Walla Walla Valley Transit introduces vehicle transition plan

Goldie Cameron, News Reporter

Illustration by Payton Davies.

Walla Walla Valley Transportation is working to decrease the city’s carbon footprint by investing in electric buses over the next two years. The plan is a part of their new zero-emission vehicle transition plan led by general manager Angie Peters. Peters was just recently named one of the 39 under 39 leaders in the Walla Walla Valley by the Union-Bulletin.

“Electric trolley buses reduce air pollution and noise pollution while continuing to maintain safe and efficient transit services for those who need them,” Peters said. “They are an enhancement to a system that already positively contributes to daily life by providing access and accessibility to community members. The existence of public transit underlines that the pursuit of happiness is not beholden to car ownership.”

Angie Peters oversees public transportation in Walla Walla and College Place, as the department as a whole works to advocate for legislative priorities for the community.

When it comes to technical integration of these electric vehicles, Peters explained that it’s a long road ahead. There are lots of logistical refinements over time.

“We continue to hone our system to make it work better for the community. The next planned adjustment is some re-routing that will go live in 2025,” Peters said. “Leading up to that, there will be opportunities for community input to help ensure we are serving the public the best we possibly can.”

Peters explained other ways Walla Walla Valley Transit works to make transportation convenient for the community.

“Outside of that, at least once every ten years we do a comprehensive operational analysis (COA), which explores our entire operation for ways to improve,” Peters said. “This then informs our strategic planning in between COAs.
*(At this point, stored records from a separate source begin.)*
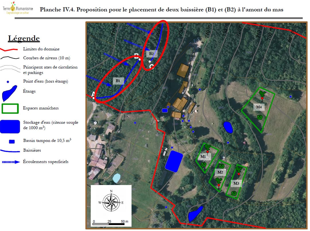 Les propriétaires d’un domaine et de gîtes dans les Baronnies ont sollicité T&H pour les accompagner dans la mise en place d’un espace maraîcher sur leur terrain. L’idée principale étant de permettre à leurs hôtes et visiteurs de bénéficier d’une cuisine “du jardin à l’assiette”, approvisionnée principalement par cet espace productif. En parallèle, ils souhaitent également que leurs hôtes puissent aller flâner dans cet espace et cueillir eux-mêmes les récoltes. T&H les a conseillés pour l’aménagement de cet espace (planches de culture, serre, zone de compostage…), en se basant sur une étude des sols et des éléments naturels présents sur le lieu. Notre expert leur a ensuite exposé plusieurs préconisations sur la gestion de la ressource en eau dans une démarche agroécologique.
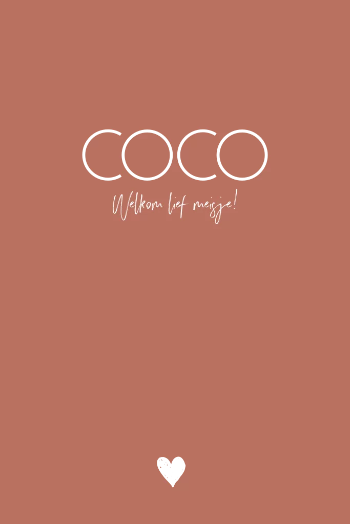 Mooie minimalistische poster in de look van een geboortekaartje. Met roestkleur achtergrond en de tekst in goudkleur.
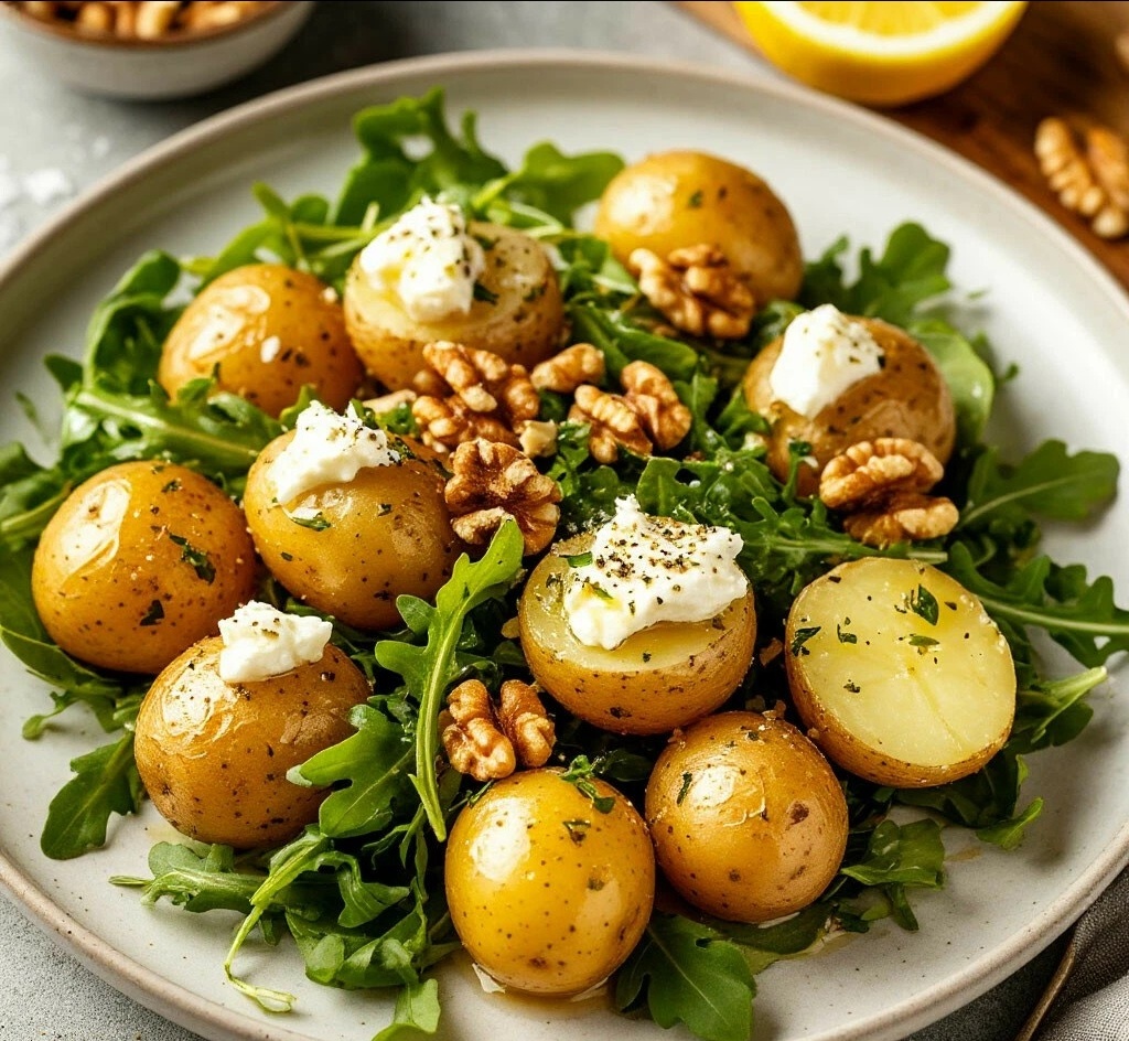 ИНГРЕДИЕНТЫ: 🧾 ·Молодой картофель — 500 г ·Сыр козий (в рассоле или мягкий) — 100 g ·Руккола — 70 г 🥬 ·Грецкие орехи — 50 g ·Мёд — 1 ст.л. 🍯 ·Горчица дижонская — 1 ч.л. ·Сок 1/2 лимона 🍋 ·Оливковое масло extra virgin — 3 ст.л. ·Соль, перец — по вкусу
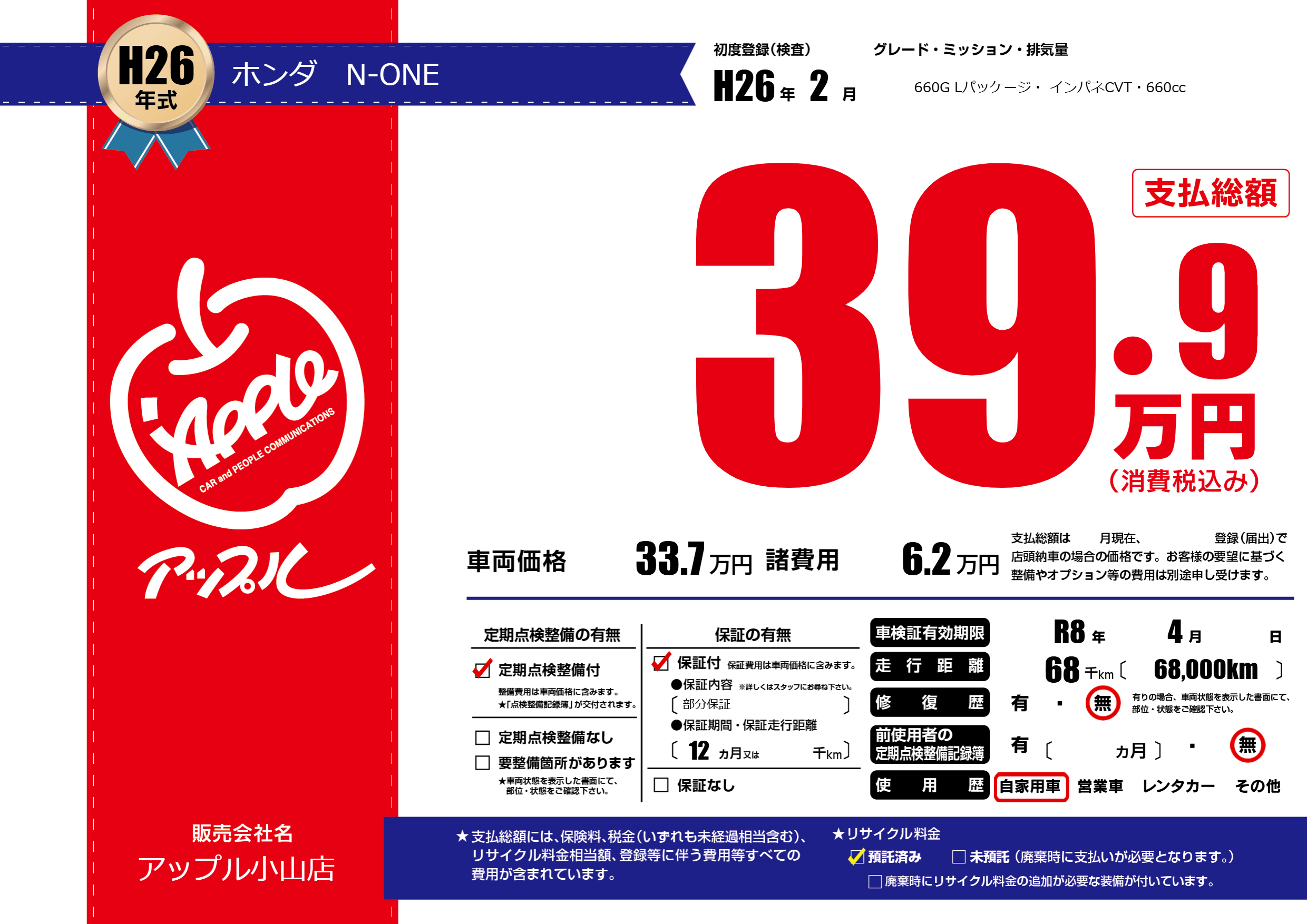 | 車名 | ホンダ N-ONE | グレード ミッション 排気量 |
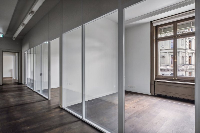 Surfaces de bureaux rénovées en 2021 à louer dans le quartier des banques à Genève :
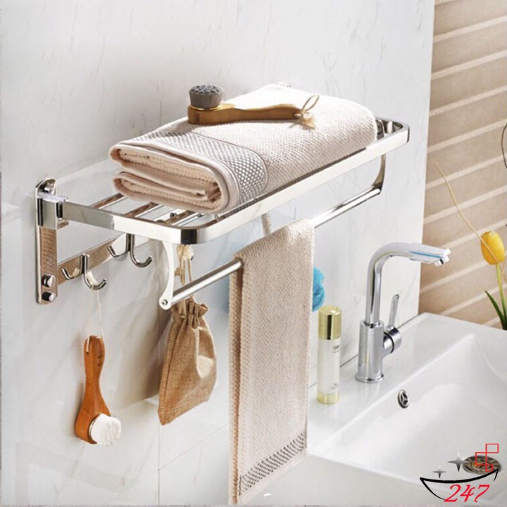 => Vừa móc, vùa treo khăn, vừa xếp khăn hay để đồ dùng lên trên. Quá nhiều công năng tiện lợi trên cùng một sản phẩm. Phù hợp với phòng tắm của mọi gia đình.
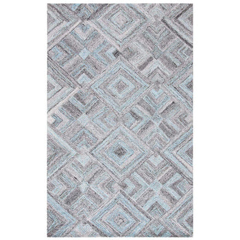 Elevate your space with this sophisticated 4' x 6' contemporary style area rug, boasting a chic grey and turquoise geometric pattern. Masterfully crafted in India using hand tufted techniques for a luxurious height of 3/8", this small rectangular rug combines a durable blend of 65% wool, 25% viscose, and 10% nylon. Its plush feel underfoot is complemented by a modern design that captures the eye, making it a perfect centrepiece for any room. Notably, this rug is not washable and lacks slip resistance, so a rug pad is recommended for added stability. Revamp your decor with this artful and high-quality addition to your home.

Our last COA was completed in 2020. We are also working on our ADA Transition Plan to improve our bus stop facilities.”

According to Maintenance Manager Randy Alexander, the new buses have some key differences when it comes to maintaining them.

“The largest difference between a BEB (battery electric bus) and a traditional ICE (internal combustion engine) bus is the number of wearable parts and the quantity of petroleum-based fluids is greatly reduced,” Alexander said. “Electric buses still use oil and antifreeze; it is just smaller quantities and longer change intervals.”

Walla Walla Valley Transit hopes to continue improving and increasing the utility of its services over time.

Valley Transit is dedicated to providing high-quality and efficient public transportation services that are responsive to the needs of the entire community, promoting quality of life and a healthy economy,” says the statement on the Walla Walla Valley Transit website. “We believe that the next step in providing safe, clean and reliable service is to transition our fleet to zero-emission vehicles.”

Walla Walla Valley Transit seeks to assure residents that they work to maintain and better public transport for the people of Walla Walla.